### What to produce:
Retype the entries word for word, leaving nothing out.

Stored records
————————
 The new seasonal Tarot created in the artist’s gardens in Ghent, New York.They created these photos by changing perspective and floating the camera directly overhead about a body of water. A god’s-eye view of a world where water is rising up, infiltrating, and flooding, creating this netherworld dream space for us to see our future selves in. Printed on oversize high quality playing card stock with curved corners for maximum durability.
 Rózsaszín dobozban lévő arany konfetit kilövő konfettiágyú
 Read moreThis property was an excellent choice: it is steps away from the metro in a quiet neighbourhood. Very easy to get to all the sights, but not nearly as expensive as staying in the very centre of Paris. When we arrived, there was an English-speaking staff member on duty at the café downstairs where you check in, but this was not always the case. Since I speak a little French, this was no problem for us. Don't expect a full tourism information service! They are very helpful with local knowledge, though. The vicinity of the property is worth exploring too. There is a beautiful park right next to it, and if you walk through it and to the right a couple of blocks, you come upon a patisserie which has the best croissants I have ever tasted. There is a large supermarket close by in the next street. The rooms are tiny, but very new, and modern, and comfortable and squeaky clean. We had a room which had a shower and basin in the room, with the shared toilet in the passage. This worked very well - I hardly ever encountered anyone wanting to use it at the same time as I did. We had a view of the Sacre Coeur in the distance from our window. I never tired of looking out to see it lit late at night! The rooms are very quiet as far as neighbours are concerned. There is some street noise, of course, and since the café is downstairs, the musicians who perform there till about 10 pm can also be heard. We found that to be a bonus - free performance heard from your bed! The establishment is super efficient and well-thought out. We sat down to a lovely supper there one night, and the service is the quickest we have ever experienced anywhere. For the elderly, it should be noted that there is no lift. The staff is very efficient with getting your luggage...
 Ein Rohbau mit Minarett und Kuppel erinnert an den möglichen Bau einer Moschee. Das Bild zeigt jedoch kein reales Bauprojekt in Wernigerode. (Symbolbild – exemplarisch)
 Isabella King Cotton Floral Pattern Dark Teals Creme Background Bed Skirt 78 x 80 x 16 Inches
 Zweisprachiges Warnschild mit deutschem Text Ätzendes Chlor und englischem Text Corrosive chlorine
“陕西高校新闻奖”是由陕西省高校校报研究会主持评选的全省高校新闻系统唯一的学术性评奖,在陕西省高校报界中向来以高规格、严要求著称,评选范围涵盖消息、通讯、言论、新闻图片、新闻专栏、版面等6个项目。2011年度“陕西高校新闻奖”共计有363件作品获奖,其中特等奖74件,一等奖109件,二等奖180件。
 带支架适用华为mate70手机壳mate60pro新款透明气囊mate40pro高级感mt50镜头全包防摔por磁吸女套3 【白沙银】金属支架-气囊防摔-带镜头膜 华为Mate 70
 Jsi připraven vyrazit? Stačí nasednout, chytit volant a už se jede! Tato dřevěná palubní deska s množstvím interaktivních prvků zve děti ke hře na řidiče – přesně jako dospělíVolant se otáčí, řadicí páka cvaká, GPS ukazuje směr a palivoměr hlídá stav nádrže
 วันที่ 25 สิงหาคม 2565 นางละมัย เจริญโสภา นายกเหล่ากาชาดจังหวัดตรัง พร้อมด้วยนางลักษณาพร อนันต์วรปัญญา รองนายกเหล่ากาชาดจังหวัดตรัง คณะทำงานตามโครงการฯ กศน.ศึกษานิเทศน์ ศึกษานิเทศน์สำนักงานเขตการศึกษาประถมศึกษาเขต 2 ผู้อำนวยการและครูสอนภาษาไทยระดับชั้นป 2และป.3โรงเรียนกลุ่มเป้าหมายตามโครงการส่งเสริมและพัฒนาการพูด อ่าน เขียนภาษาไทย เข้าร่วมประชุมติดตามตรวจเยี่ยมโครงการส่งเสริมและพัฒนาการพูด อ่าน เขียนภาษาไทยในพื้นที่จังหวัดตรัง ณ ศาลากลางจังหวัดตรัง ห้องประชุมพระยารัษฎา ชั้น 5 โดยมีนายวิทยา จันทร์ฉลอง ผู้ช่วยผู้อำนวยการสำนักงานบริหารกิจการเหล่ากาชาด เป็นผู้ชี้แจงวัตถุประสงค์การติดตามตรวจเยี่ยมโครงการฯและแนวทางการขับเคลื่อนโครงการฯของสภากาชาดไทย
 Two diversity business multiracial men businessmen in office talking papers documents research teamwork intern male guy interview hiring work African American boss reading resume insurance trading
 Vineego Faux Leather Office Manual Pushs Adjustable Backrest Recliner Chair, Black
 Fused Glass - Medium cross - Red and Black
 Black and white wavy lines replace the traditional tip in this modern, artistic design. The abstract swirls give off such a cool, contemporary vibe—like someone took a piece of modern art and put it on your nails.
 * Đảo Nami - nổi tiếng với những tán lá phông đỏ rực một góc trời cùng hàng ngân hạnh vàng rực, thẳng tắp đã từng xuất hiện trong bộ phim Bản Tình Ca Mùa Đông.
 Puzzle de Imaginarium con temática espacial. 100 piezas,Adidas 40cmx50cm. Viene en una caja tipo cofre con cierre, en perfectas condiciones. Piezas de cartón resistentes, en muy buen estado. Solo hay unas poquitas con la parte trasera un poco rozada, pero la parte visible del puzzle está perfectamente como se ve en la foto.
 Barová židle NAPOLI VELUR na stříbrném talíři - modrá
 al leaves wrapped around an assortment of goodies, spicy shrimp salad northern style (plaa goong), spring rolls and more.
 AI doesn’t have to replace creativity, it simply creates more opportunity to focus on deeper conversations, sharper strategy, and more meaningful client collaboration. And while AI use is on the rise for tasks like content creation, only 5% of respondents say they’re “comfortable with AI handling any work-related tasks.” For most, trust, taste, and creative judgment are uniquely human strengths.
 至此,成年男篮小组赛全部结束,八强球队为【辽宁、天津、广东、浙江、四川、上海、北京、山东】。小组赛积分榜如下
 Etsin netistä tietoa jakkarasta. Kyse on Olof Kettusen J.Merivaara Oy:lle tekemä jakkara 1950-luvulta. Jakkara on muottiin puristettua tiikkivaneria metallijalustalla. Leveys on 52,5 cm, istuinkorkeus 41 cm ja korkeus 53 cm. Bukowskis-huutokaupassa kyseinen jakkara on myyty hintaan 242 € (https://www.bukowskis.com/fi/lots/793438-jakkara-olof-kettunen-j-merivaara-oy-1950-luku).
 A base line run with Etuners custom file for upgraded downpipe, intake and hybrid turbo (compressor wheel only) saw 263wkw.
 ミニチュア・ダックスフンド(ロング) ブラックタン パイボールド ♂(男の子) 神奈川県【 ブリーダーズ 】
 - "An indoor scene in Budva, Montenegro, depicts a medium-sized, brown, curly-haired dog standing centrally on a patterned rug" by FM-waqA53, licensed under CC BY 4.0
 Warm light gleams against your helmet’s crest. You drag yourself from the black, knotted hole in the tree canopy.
————————
### Written answer:
 The new seasonal Tarot created in the artist’s gardens in Ghent, New York.They created these photos by changing perspective and floating the camera directly overhead about a body of water. A god’s-eye view of a world where water is rising up, infiltrating, and flooding, creating this netherworld dream space for us to see our future selves in. Printed on oversize high quality playing card stock with curved corners for maximum durability.
 Rózsaszín dobozban lévő arany konfetit kilövő konfettiágyú
 Read moreThis property was an excellent choice: it is steps away from the metro in a quiet neighbourhood. Very easy to get to all the sights, but not nearly as expensive as staying in the very centre of Paris. When we arrived, there was an English-speaking staff member on duty at the café downstairs where you check in, but this was not always the case. Since I speak a little French, this was no problem for us. Don't expect a full tourism information service! They are very helpful with local knowledge, though. The vicinity of the property is worth exploring too. There is a beautiful park right next to it, and if you walk through it and to the right a couple of blocks, you come upon a patisserie which has the best croissants I have ever tasted. There is a large supermarket close by in the next street. The rooms are tiny, but very new, and modern, and comfortable and squeaky clean. We had a room which had a shower and basin in the room, with the shared toilet in the passage. This worked very well - I hardly ever encountered anyone wanting to use it at the same time as I did. We had a view of the Sacre Coeur in the distance from our window. I never tired of looking out to see it lit late at night! The rooms are very quiet as far as neighbours are concerned. There is some street noise, of course, and since the café is downstairs, the musicians who perform there till about 10 pm can also be heard. We found that to be a bonus - free performance heard from your bed! The establishment is super efficient and well-thought out. We sat down to a lovely supper there one night, and the service is the quickest we have ever experienced anywhere. For the elderly, it should be noted that there is no lift. The staff is very efficient with getting your luggage...
 Ein Rohbau mit Minarett und Kuppel erinnert an den möglichen Bau einer Moschee. Das Bild zeigt jedoch kein reales Bauprojekt in Wernigerode. (Symbolbild – exemplarisch)
 Isabella King Cotton Floral Pattern Dark Teals Creme Background Bed Skirt 78 x 80 x 16 Inches
 Zweisprachiges Warnschild mit deutschem Text Ätzendes Chlor und englischem Text Corrosive chlorine
“陕西高校新闻奖”是由陕西省高校校报研究会主持评选的全省高校新闻系统唯一的学术性评奖,在陕西省高校报界中向来以高规格、严要求著称,评选范围涵盖消息、通讯、言论、新闻图片、新闻专栏、版面等6个项目。2011年度“陕西高校新闻奖”共计有363件作品获奖,其中特等奖74件,一等奖109件,二等奖180件。
 带支架适用华为mate70手机壳mate60pro新款透明气囊mate40pro高级感mt50镜头全包防摔por磁吸女套3 【白沙银】金属支架-气囊防摔-带镜头膜 华为Mate 70
 Jsi připraven vyrazit? Stačí nasednout, chytit volant a už se jede! Tato dřevěná palubní deska s množstvím interaktivních prvků zve děti ke hře na řidiče – přesně jako dospělíVolant se otáčí, řadicí páka cvaká, GPS ukazuje směr a palivoměr hlídá stav nádrže
 วันที่ 25 สิงหาคม 2565 นางละมัย เจริญโสภา นายกเหล่ากาชาดจังหวัดตรัง พร้อมด้วยนางลักษณาพร อนันต์วรปัญญา รองนายกเหล่ากาชาดจังหวัดตรัง คณะทำงานตามโครงการฯ กศน.ศึกษานิเทศน์ ศึกษานิเทศน์สำนักงานเขตการศึกษาประถมศึกษาเขต 2 ผู้อำนวยการและครูสอนภาษาไทยระดับชั้นป 2และป.3โรงเรียนกลุ่มเป้าหมายตามโครงการส่งเสริมและพัฒนาการพูด อ่าน เขียนภาษาไทย เข้าร่วมประชุมติดตามตรวจเยี่ยมโครงการส่งเสริมและพัฒนาการพูด อ่าน เขียนภาษาไทยในพื้นที่จังหวัดตรัง ณ ศาลากลางจังหวัดตรัง ห้องประชุมพระยารัษฎา ชั้น 5 โดยมีนายวิทยา จันทร์ฉลอง ผู้ช่วยผู้อำนวยการสำนักงานบริหารกิจการเหล่ากาชาด เป็นผู้ชี้แจงวัตถุประสงค์การติดตามตรวจเยี่ยมโครงการฯและแนวทางการขับเคลื่อนโครงการฯของสภากาชาดไทย
 Two diversity business multiracial men businessmen in office talking papers documents research teamwork intern male guy interview hiring work African American boss reading resume insurance trading
 Vineego Faux Leather Office Manual Pushs Adjustable Backrest Recliner Chair, Black
 Fused Glass - Medium cross - Red and Black
 Black and white wavy lines replace the traditional tip in this modern, artistic design. The abstract swirls give off such a cool, contemporary vibe—like someone took a piece of modern art and put it on your nails.
 * Đảo Nami - nổi tiếng với những tán lá phông đỏ rực một góc trời cùng hàng ngân hạnh vàng rực, thẳng tắp đã từng xuất hiện trong bộ phim Bản Tình Ca Mùa Đông.
 Puzzle de Imaginarium con temática espacial. 100 piezas,Adidas 40cmx50cm. Viene en una caja tipo cofre con cierre, en perfectas condiciones. Piezas de cartón resistentes, en muy buen estado. Solo hay unas poquitas con la parte trasera un poco rozada, pero la parte visible del puzzle está perfectamente como se ve en la foto.
 Barová židle NAPOLI VELUR na stříbrném talíři - modrá
 al leaves wrapped around an assortment of goodies, spicy shrimp salad northern style (plaa goong), spring rolls and more.
 AI doesn’t have to replace creativity, it simply creates more opportunity to focus on deeper conversations, sharper strategy, and more meaningful client collaboration. And while AI use is on the rise for tasks like content creation, only 5% of respondents say they’re “comfortable with AI handling any work-related tasks.” For most, trust, taste, and creative judgment are uniquely human strengths.
 至此,成年男篮小组赛全部结束,八强球队为【辽宁、天津、广东、浙江、四川、上海、北京、山东】。小组赛积分榜如下
 Etsin netistä tietoa jakkarasta. Kyse on Olof Kettusen J.Merivaara Oy:lle tekemä jakkara 1950-luvulta. Jakkara on muottiin puristettua tiikkivaneria metallijalustalla. Leveys on 52,5 cm, istuinkorkeus 41 cm ja korkeus 53 cm. Bukowskis-huutokaupassa kyseinen jakkara on myyty hintaan 242 € (https://www.bukowskis.com/fi/lots/793438-jakkara-olof-kettunen-j-merivaara-oy-1950-luku).
 A base line run with Etuners custom file for upgraded downpipe, intake and hybrid turbo (compressor wheel only) saw 263wkw.
 ミニチュア・ダックスフンド(ロング) ブラックタン パイボールド ♂(男の子) 神奈川県【 ブリーダーズ 】
 - "An indoor scene in Budva, Montenegro, depicts a medium-sized, brown, curly-haired dog standing centrally on a patterned rug" by FM-waqA53, licensed under CC BY 4.0
 Warm light gleams against your helmet’s crest. You drag yourself from the black, knotted hole in the tree canopy.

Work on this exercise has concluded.